Thursday, July 28, 2011

The North End is saturated with magnet options, yet the Nashville Civic Design Center recommends another one

Except for one minor detail, this proposal by the Nashville Civic Design Center sounds sublime:

The Nashville Civic Design Center proposes a new magnet elementary school in the Lafayette neighborhood and a magnet arts school in the Sulphur Dell neighborhood. The schools would share an axial relationship, as their sites are flanked by 4th and 5th Avenues (Avenue of the Arts). These locations would provide the schools with close proximity to downtown art and science museums, as well as many other educational institutions throughout the city. Additionally, the locational advantage of the proposed schools addresses goals from the city’s Schools Strategic Plan, namely “to market and promote relevant and engaging extracurricular activities for students risk of dropout”, and to “select and use technology in developmentally appropriate ways to promote active learning, improve student engagement and individualize instruction.”


The slight detail is that the area already has several magnet schools along with its feeder school, all predominately working-class and middle-class African American and problematic for some increasingly white gentrifying neighborhoods:

Metro Schools rezoned Hope Gardens families to Buena Vista Elementary, which hasn’t met the state’s testing goals for the past two years. The changes left parents new to the city’s urban core scrambling for options, including a recent push to see a new magnet school established, which is unlikely.

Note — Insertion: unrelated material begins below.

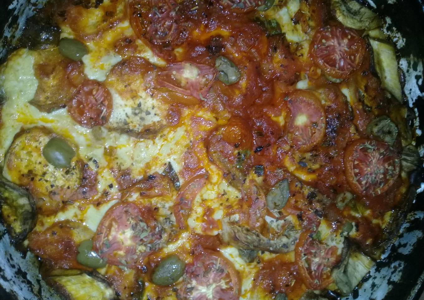 - Poner una capa de salsa, las aceitunas, el tomate cortado en rodajas, mandar al horno por 45 minutos y listo.

District officials say there are plenty of options for parents who live in the urban core. Robert Churchwell Museum Magnet Elementary opened last year at 1625 D.B. Todd Blvd. and provides an arts integrated curriculum. Hull-Jackson Montessori Magnet and Jones Paideia Magnet also are in the area. To gain a seat at these schools, students must participate in the district’s lottery.

That hasn’t satisfied everyone.


We need to move very carefully. Framing the problems of local public education as we the consumers waiting on MNPS and NCDC to provide better product delivery systems instead of getting involved in the neighborhood schools and changing them in community-based ways seems short-sighted. For the time being the NCDC proposal is a pipe dream having less to do with educational realities for those of us who live here and more to do with the symmetrical imaginings of designers. And even if they do realize a Sulphur Dell magnet option that encourages gentrifiers to stay, other area public schools will have to rise too for the neighborhood quality of life to improve.

This discussion has been on going. I've already tried to stake out a position between disillusioned gentrifiers and the guardians of the MNPS status quo.

1 comment:

  1. I ask 2 things of my children's schools:

    (1) That they be safe
    (2) That my children get a chance to learn

    That's it.

    (1) Should be a given.

    For (2) above, I had visions of unruly kids: unready to learn, not wanting to learn, disrupting the classroom and taking up a disproportionate amount of the teacher's time. I am happy to report that hasn't been the case, although we're only in elementary school.

    I am willing to overlook or work with most other things if the two items above are satisfied: teaching methods, facilities, subjet matter, start date in early August, etc.

    I question the Chinese-takeout menu approach to Magnet schools. To me, it is just shuffling the same kids around to different places. It would be better to focus on neighborhood schools and get them right.

    You don't mention principals. What a difference a prinicipal can make.